Sample 2 (prior art ethanol double extraction): weighing 3g of safflower, 6g of gardenia, 5g of Hangzhou white chrysanthemum and 5g of flos Pruni mume, crushing to 40 meshes, treating at the temperature of 110 ℃ for 30min under the pressure of 0.2MPa, and drying at the temperature of 60 ℃ for 1.5 h; the material-liquid ratio is 1: 30(m/m), adding 100g of absolute ethyl alcohol, and stirring and extracting at 80 ℃ for 1 h; the material-liquid ratio is 1:10 (m/m), adding 300g of absolute ethyl alcohol again, and stirring and extracting for 2h at 80 ℃; cooling to below 40 deg.C, and filtering to obtain filtrate; concentrating under reduced pressure at 60 deg.C; filtering with filter plate with aperture of 10 μm, and fine filtering to obtain the final product.
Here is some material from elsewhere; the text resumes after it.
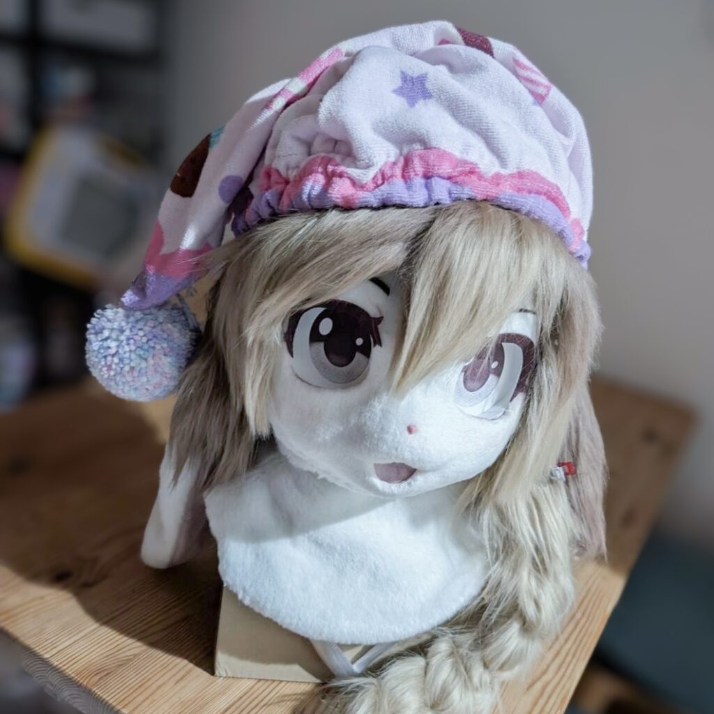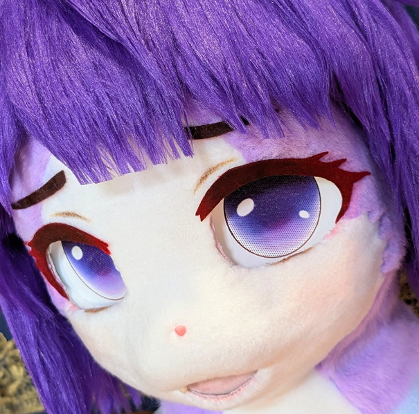 ヘッドに磁石を埋没することで、表情差分まぶたやほっぺを追加できます。眼鏡は、超小顔の場合人間用のものを合わせられる場合がありますが、着ぐるみサイズものも作れます。

Sample 3 (two extractions with solvent one less polar than solvent two): 3g of safflower, 6g of gardenia, 5g of Hangzhou white chrysanthemum and 5g of flos Pruni mume, crushing to 40 meshes, treating at the temperature of 110 ℃ for 30min under the pressure of 0.2MPa, and drying at the temperature of 60 ℃ for 1.5 h; the material-liquid ratio is 1: 30(m/m), adding 300g of cyclohexane, and stirring and extracting at 80 ℃ for 1 h; the material-liquid ratio is 1:10 (m/m), adding 900g of butanediol, and stirring and extracting for 2 hours at 80 ℃; cooling to below 40 deg.C, and filtering to obtain filtrate; concentrating under reduced pressure at 60 deg.C to remove cyclohexane; filtering with filter plate with aperture of 10 μm, and fine filtering to obtain extract.
Sample 4: example 10.
DPPH radical scavenging experiment
(1) The experimental method comprises the following steps: taking 1mL of DPPH solution and 1mL of sample solution, fully oscillating and uniformly mixing, standing for 30min, and measuring the absorbance of the mixture by using a microplate reader at the wavelength of 517 nm.
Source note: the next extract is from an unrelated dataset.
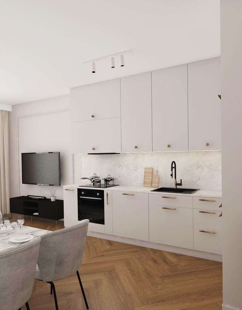 Mieszkanie do sprzedaży będzie posiadać zabudowę stałą według projektu widocznego na zdjęciach.

DPPH free radical clearance calculation formula:
DPPH free radical clearance [ (B + C) -A ]/B100%
In the formula: a is the OD value of the sample solution mixed with the DPPH solution, B is the OD value of the absolute ethyl alcohol mixed with the DPPH solution, and C is the OD value of the absolute ethyl alcohol mixed with the sample solution.
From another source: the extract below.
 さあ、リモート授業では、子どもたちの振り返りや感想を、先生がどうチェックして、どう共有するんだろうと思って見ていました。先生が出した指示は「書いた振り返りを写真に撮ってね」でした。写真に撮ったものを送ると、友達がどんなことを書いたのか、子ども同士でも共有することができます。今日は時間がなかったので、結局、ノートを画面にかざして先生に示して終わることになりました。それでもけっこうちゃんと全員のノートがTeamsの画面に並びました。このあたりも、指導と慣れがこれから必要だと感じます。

(1) And (4) experimental conclusion: as shown in table 11.
TABLE 11 comparison of DPPH clearance for samples prepared by different procedures
Sample name | Test concentration% | Clearance |
Sample | ||
1 | 5 | 31 |
|
5 | 45 |
Sample 3 | 5 | 24 |
Sample 4 (example 10) | 5 | 87 |
The sample 1 is directly extracted by adopting grease, and because the grease has large molecular weight, is not easy to pass through cell walls and cell membranes to extract intracellular active ingredients, has high viscosity, is not beneficial to substance transfer in the extraction process, and has low DPPH clearance rate.
The sample 2 is extracted by ethanol, the ethanol is an excellent solvent, and a large amount of water-soluble polysaccharide is dissolved out while the oil-soluble active ingredients are extracted; during concentration, part of oil-soluble active ingredients are wrapped by viscous substances such as polysaccharide and the like and separated out to form precipitates, so that loss of the active ingredients is caused, and the DPPH clearance rate is low.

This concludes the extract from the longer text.